When I ask this question of the individuals and groups that I work with, the resounding response is often…..YES!

This probably doesn’t come as a surprise to you, because there’s a really good chance that you’ve answered “yes” as well.

I mean, when you think about it, It’s most likely part of your nature to be hard on yourself….

……most things that you do in your life have a certain level of competition baked into the process, and being in competition, albeit a wonderful thing on many levels, can often be misconstrued for being in comparison.

And this is where the slope gets slippery…..

What type of job do you have?

How much money do you make?

Do you have a family?

Are you doing what you love?

All of these are very fair questions on the surface, but inevitably, either consciously, or subconsciously, force you to compare yourself to others.

And if they don’t force you to compare yourself to others, they force you to compare yourself to the things that you SHOULD be doing differently.

And when you SHOULD on yourself, things can get really messy.

I should have a different job.

I should make more money.

I should have a family.

I should be doing what I love.

When you reside in the place of comparing yourself to others, or in the SHOULD statements, you’re essentially residing is in the place of, “I’m not good enough”.

Does this sound familiar?

From all the coaching work that I’ve done with people, I think it’s fair to say that this way of relating to oneself has become an epidemic.

And it makes sense!…..

…..when you consider how much shit you’re being force fed that tells you, “hey dude, you’re not good enough.”.….guess what…..you start to believe it!

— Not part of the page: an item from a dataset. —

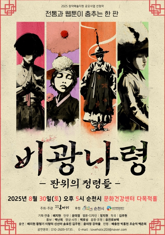 순천문화재단 관계자는 “이번 ‘비광나령-판위의 정령들’ 공연이 전통과 현대가 조화롭게 어우러진 뜻깊은 무대가 될 것”이라며, “시민 여러분의 많은 관심과 관람을 부탁드린다”고 말했다.

So, the next question I ask people after the, “Are you hard on yourself?” question, is, “Do you give yourself compassion?”

The responses I get from people vary – most often, people aren’t sure if they do, or don’t know how to do it.

So, if you find yourself in the “I’m not good enough” place, there’s a really simple, and effective 3-step formula to give yourself compassion:

1. The first step is to recognize that the “I’m not good enough” statement is a judgement you’re holding against yourself.

2. The second step is to forgive yourself for the judgement, “I forgive myself for judging myself for not being good enough.”

3. The third step is to speak the truth, “The truth is that I’m amazing”, or whatever, resounding positive affirmation works best for you.

I learned this 3-step process from one of my teachers and use it frequently with myself and my clients.

It may feel a little corny, or uncomfortable at first, but is incredibly effective.

Take notice if you find yourself in comparison this week – try on the 3 step process. Let me know how it goes.